Today, April 23rd, is probably Shakespeare's birthday. There's no direct record of his birth, but his baptism was recorded on the 26th and this usually occured three days after birth. This is also the traditional day upon which it's celebrated, and were his birthday to become a international holiday as it should be then I'm sure the 23rd would be chosen (which means we'd get St. George's Day off in England). Still, it just goes to show that there are many enduring mysteries in the chronology of Shakespeare.
A lot is made about Shakespeare's "lost years", the period between 1583 and 1589 where we have little or no record about what he did, but I think this mystery is oversold. We want to know what he was doing in those years mainly because we want to know the genesis of his talents, but to assume that there was some tremendous event that occured in those years which made him into the genius we all know is likely just wrong.

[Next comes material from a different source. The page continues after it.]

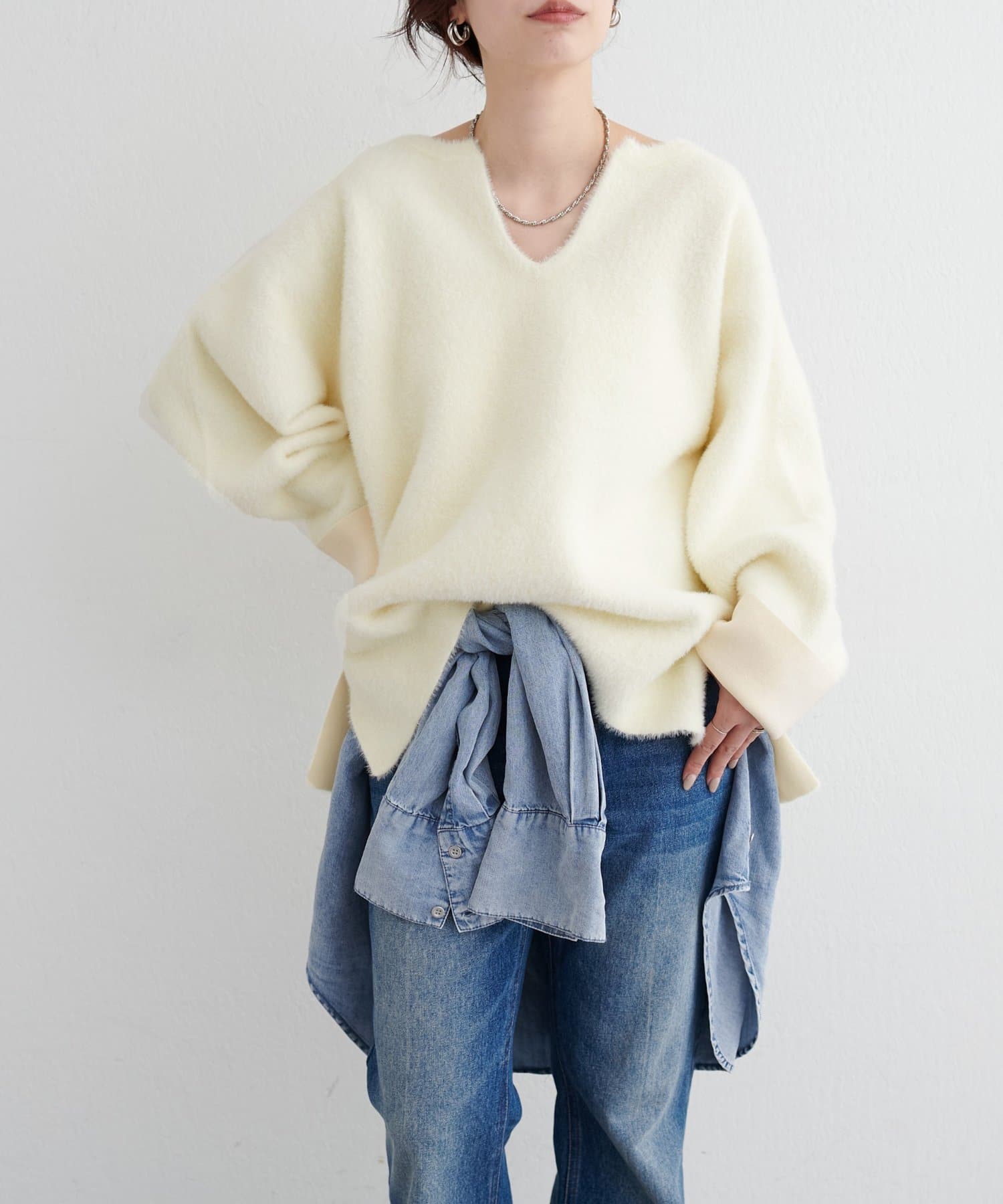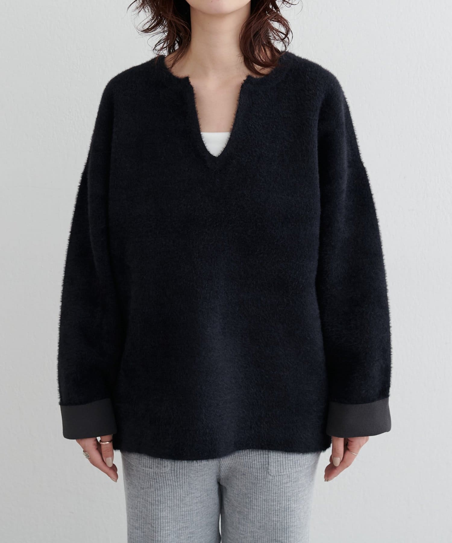 シンプルながらも素材の表情が際立ち、1枚で着てもレイヤードしても様になるアイテムです。

There's an anonymous pamphlet of 1605 that speaks of "some that have gone to London very meanly", the wider context of which, including a reference to Hamlet, shows that this pertains to Shakespeare. Whilst we shouldn't read into it too much, it's easy to derive from this swipe that Shakespeare merely came to London to seek his fortune—we know that he was a very astute and successful businessman—so for example the story that he had to flee because he stole deer from Sir Thomas Lucy is almost certainly out the window, and I think anything else that's of similar scandalousness is unlikely too.

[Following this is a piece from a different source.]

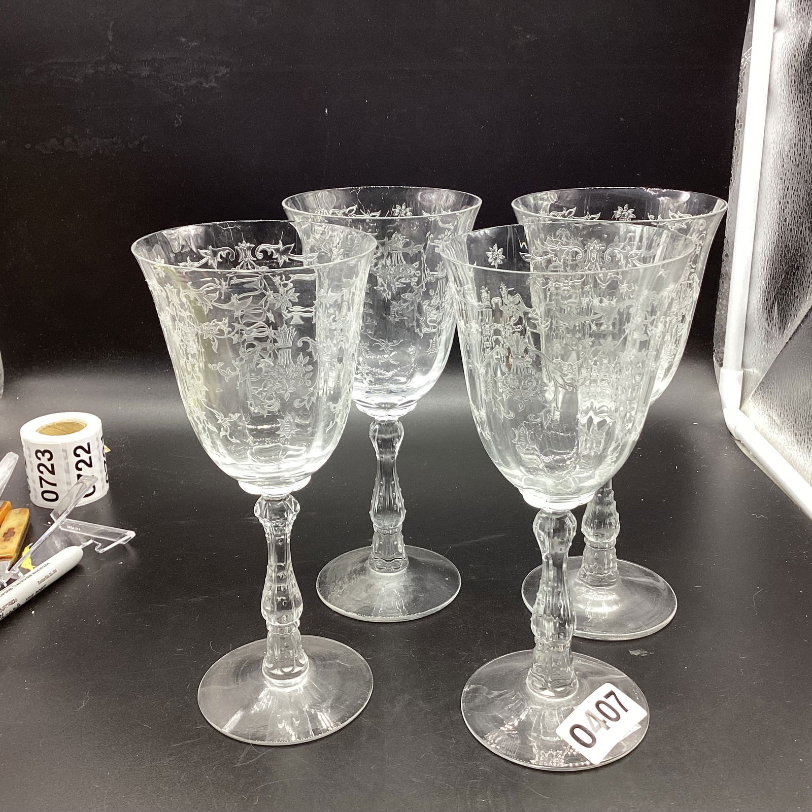 4 ETCHED CUT WATER GOBLETS

That isn't to say that Shakespeare wasn't... somewhat of a goer, and the only decent contemporary anecdote we have of him was of him entertaining a lady in the city, but again he doesn't seem to have ever stayed away from Stratford entirely for any large period at all. He frequently made trips back to buy property and visit his family, so if he were forced out he would've stayed out. Sir William d'Avenant claimed that Shakespeare would often stay in his family's inn, the Crown Tavern, in Oxford on the journeys.

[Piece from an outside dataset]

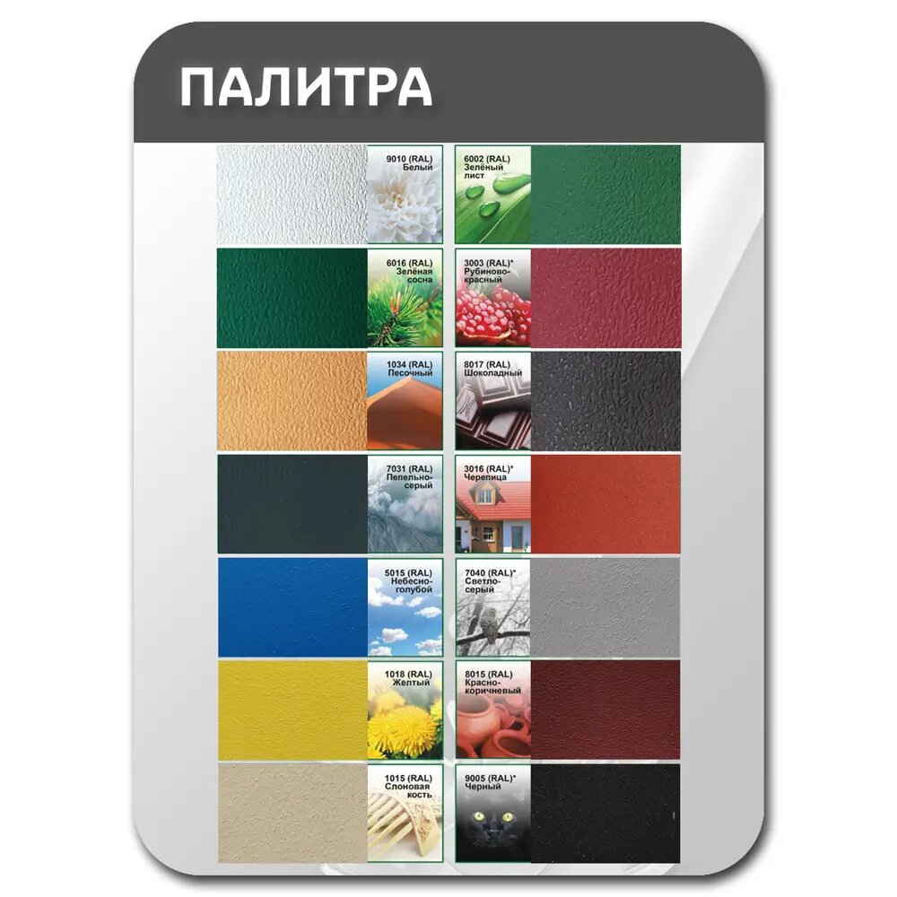 | Цвет товара | RAL 7024 графит, RAL 7024 графитово-серый, Шоколадный, белый, бесцветный, желтый RAL 1018, зеленая сосна, зеленый лист, зеленый лист RAL 6002, индиго, красно-коричневый, небесно-голубой, небесно-голубой RAL 5015, оливковый, пепельно-серый, песочный, рубиновый красный, рубиновый красный RAL 3003, светло-серый, слоновая кость, черепичный, черный |

The Haughton theory, that Shakespeare was a schoolmaster in his very young years, strikes me as odd but plausible, and may well account for the genesis that people are looking for: but even then you can't take it as accounting for the period directly after his marriage and directly before coming to London. That Anne was pregnant as they were getting married, and again with twins a couple of years later, points to the fact that he may have been kept busy in those years by quite the most obvious cause.